• J Craniofac Surg · Jul 2015

    Comparative Study

    Three-Dimensional Eyeball and Orbit Volume Modification After LeFort III Midface Distraction.

    • Tomasz Smektala, Johan Nysjö, Andreas Thor, Aleksandra Homik, Katarzyna Sporniak-Tutak, Krzysztof Safranow, Krzysztof Dowgierd, and Raphael Olszewski.
    • *Department of Maxillofacial Surgery, Pomeranian Medical University, Szczecin, Poland †Oral and Maxillofacial Surgery Research Laboratory (OMFS/CHEX/IREC/SSS/UCL), Department of Oral and Maxillofacial Surgery, Cliniques Universitaires Saint Luc, Université Catholique de Louvain, Brussels, Belgium ‡Centre for Image Analysis, Uppsala University, Uppsala, Sweden §Oral and Maxillofacial Surgery, Department of Surgical Sciences, Uppsala University, Uppsala, Sweden ||Department of Biochemistry, Pomeranian Medical University, Szczecin, Poland ¶Center of Cranio-Maxillo-Facial Surgery, Voivodeship Children's Hospital, Olsztyn, Poland.
    • J Craniofac Surg. 2015 Jul 1; 26 (5): 1652-5.
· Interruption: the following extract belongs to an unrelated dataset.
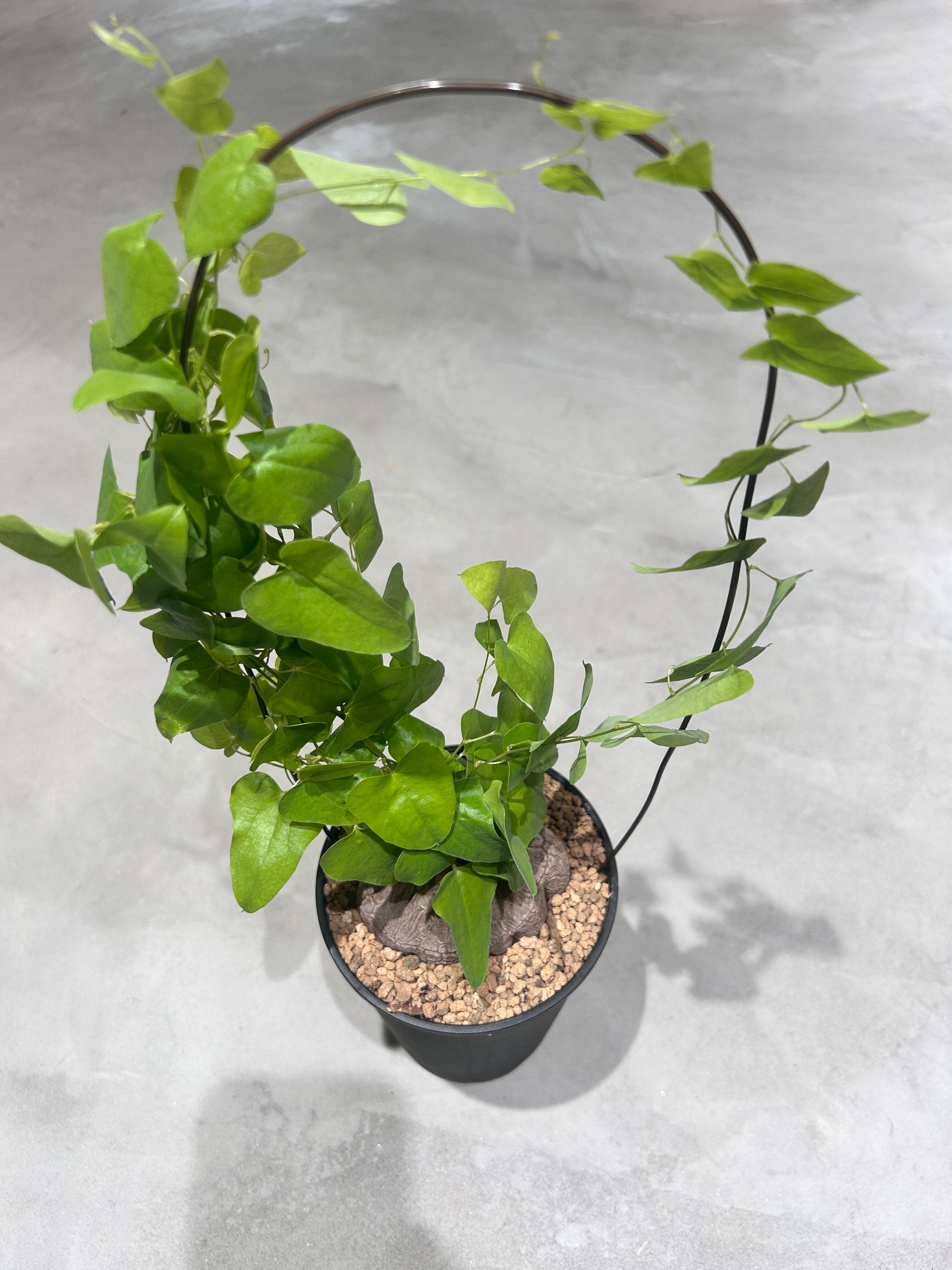 鉢植えに支柱を立ててつるを誘引しながら楽しめます。

    AbstractThe aim of our study was to evaluate orbital volume modification with LeFort III midface distraction in patients with craniosynostosis and its influence on eyeball volume and axial diameter modification. Orbital volume was assessed by the semiautomatic segmentation method based on deformable surface models and on 3-dimensional (3D) interaction with haptics. The eyeball volumes and diameters were automatically calculated after manual segmentation of computed tomographic scans with 3D slicer software. The mean, minimal, and maximal differences as well as the standard deviation and intraclass correlation coefficient (ICC) for intraobserver and interobserver measurements reliability were calculated. The Wilcoxon signed rank test was used to compare measured values before and after surgery. P < 0.05 was considered statistically significant. Intraobserver and interobserver ICC for haptic-aided semiautomatic orbital volume measurements were 0.98 and 0.99, respectively. The intraobserver and interobserver ICC values for manual segmentation of the eyeball volume were 0.87 and 0.86, respectively. The orbital volume increased significantly after surgery: 30.32% (mean, 5.96  mL) for the left orbit and 31.04% (mean, 6.31  mL) for the right orbit. The mean increase in eyeball volume was 12.3%. The mean increases in the eyeball axial dimensions were 7.3%, 9.3%, and 4.4% for the X-, Y-, and Z-axes, respectively. The Wilcoxon signed rank test showed that preoperative and postoperative eyeball volumes, as well as the diameters along the X- and Y-axes, were statistically significant. Midface distraction in patients with syndromic craniostenosis results in a significant increase (P < 0.05) in the orbit and eyeball volumes. The 2 methods (haptic-aided semiautomatic segmentation and manual 3D slicer segmentation) are reproducible techniques for orbit and eyeball volume measurements.